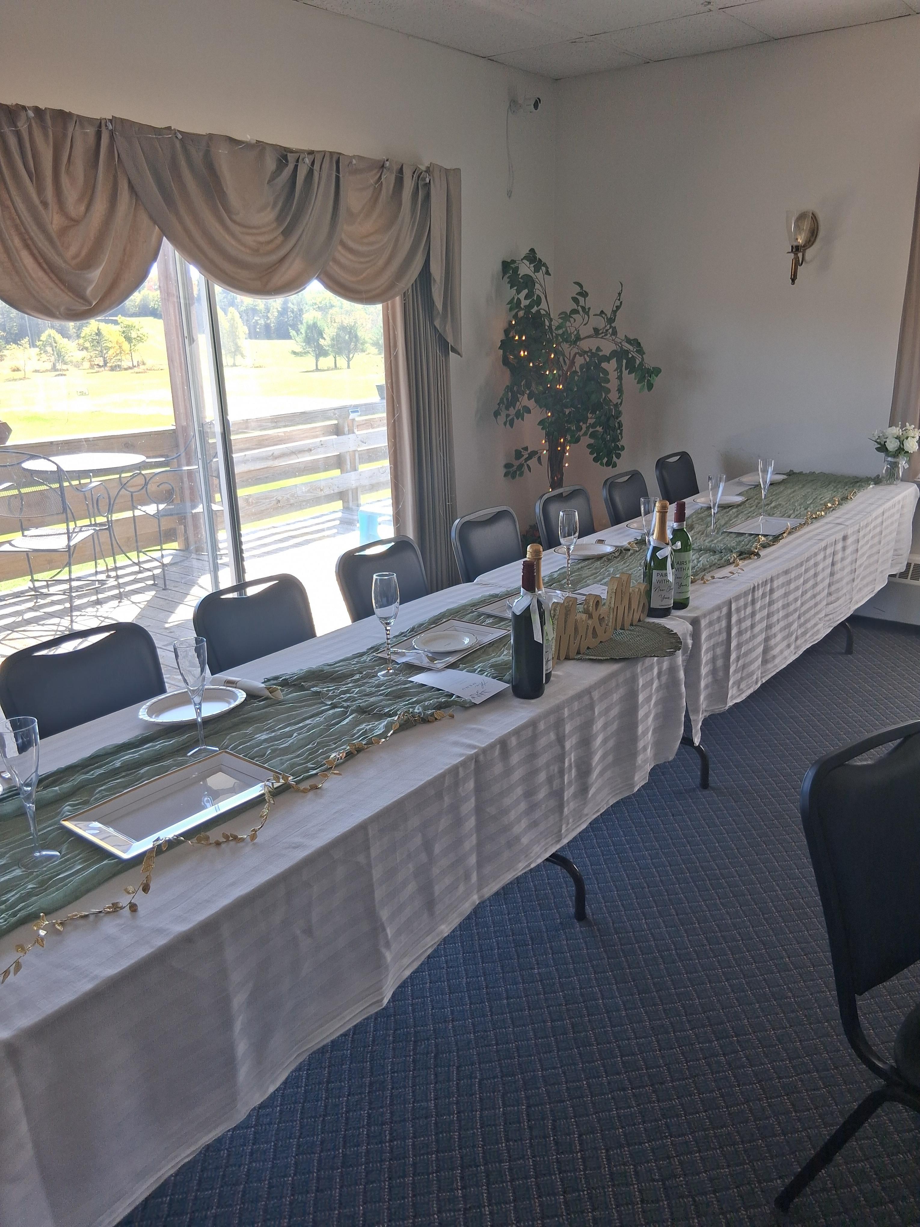 -Dimmers for total lighting customization. -Bar service - cash bar or open bar options. -Commercial kitchen stove, dishwasher, refrigerator, freezer. -Table and chair linens. -Use of outdoor gazebo and wraparound deck. -optional- use of golf cart for photos. -optional- discounts for golf play for the wedding party and guests.
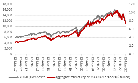 More speculative names with big market caps that deliver only losses (or profits that are tiny compared to their market caps) are collapsing in value, as can be seen in the bear market that already characterises NASDAQ and the sinking price of Cathie Wood’s ARK Innovation ETF.
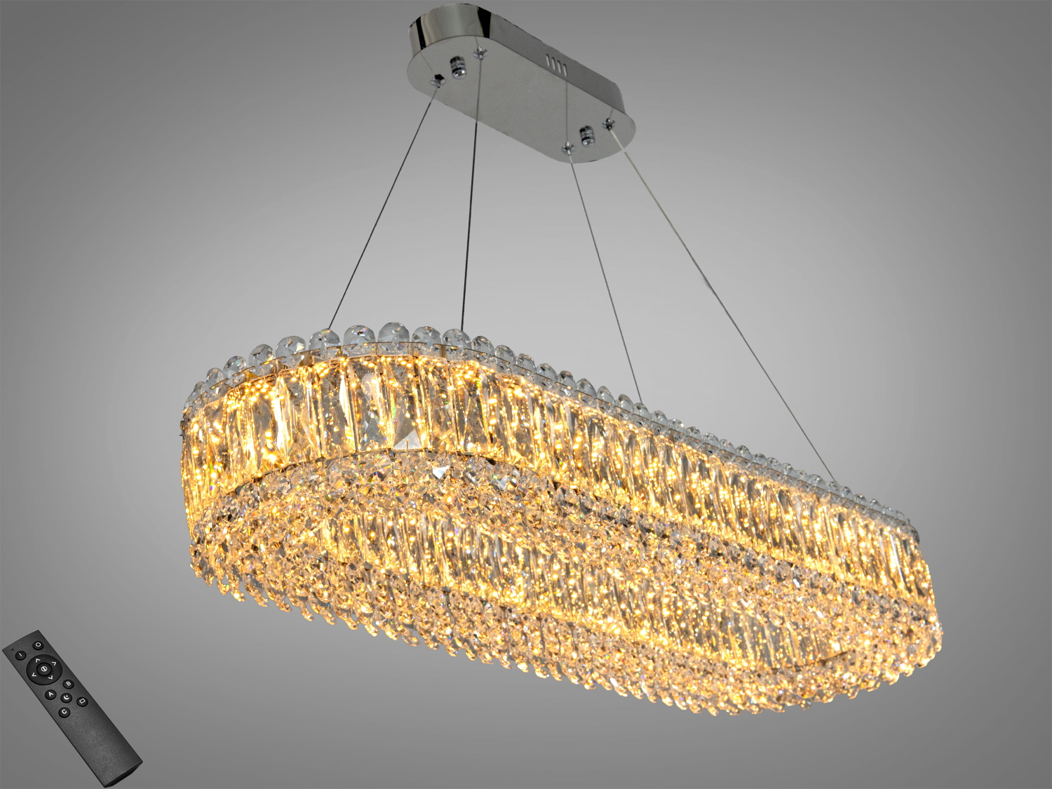 Світильник побудовано на металевій основі з хромованим покриттям, яке візуально поєднується з нержавіючою технікою та сучасною фурнітурою. Кришталеві елементи діють як оптичні призми: світловий потік м’яко проходить крізь грані, створюючи виразний блиск без надмірної яскравості. Конструкція підвісу передбачає регулювання висоти під час монтажу, тож його зручно адаптувати як для стандартних, так і для вищих стель. Догляд зводиться до періодичного протирання сухою серветкою; для кришталю бажано використовувати м’які засоби без абразиву.

## Exercise
Your reply should hold exactly the lines from the line containing "More speculative names" through the final line of the listing, and none of the pictures.

## Exercise solution
 More speculative names with big market caps that deliver only losses (or profits that are tiny compared to their market caps) are collapsing in value, as can be seen in the bear market that already characterises NASDAQ and the sinking price of Cathie Wood’s ARK Innovation ETF.
 Світильник побудовано на металевій основі з хромованим покриттям, яке візуально поєднується з нержавіючою технікою та сучасною фурнітурою. Кришталеві елементи діють як оптичні призми: світловий потік м’яко проходить крізь грані, створюючи виразний блиск без надмірної яскравості. Конструкція підвісу передбачає регулювання висоти під час монтажу, тож його зручно адаптувати як для стандартних, так і для вищих стель. Догляд зводиться до періодичного протирання сухою серветкою; для кришталю бажано використовувати м’які засоби без абразиву.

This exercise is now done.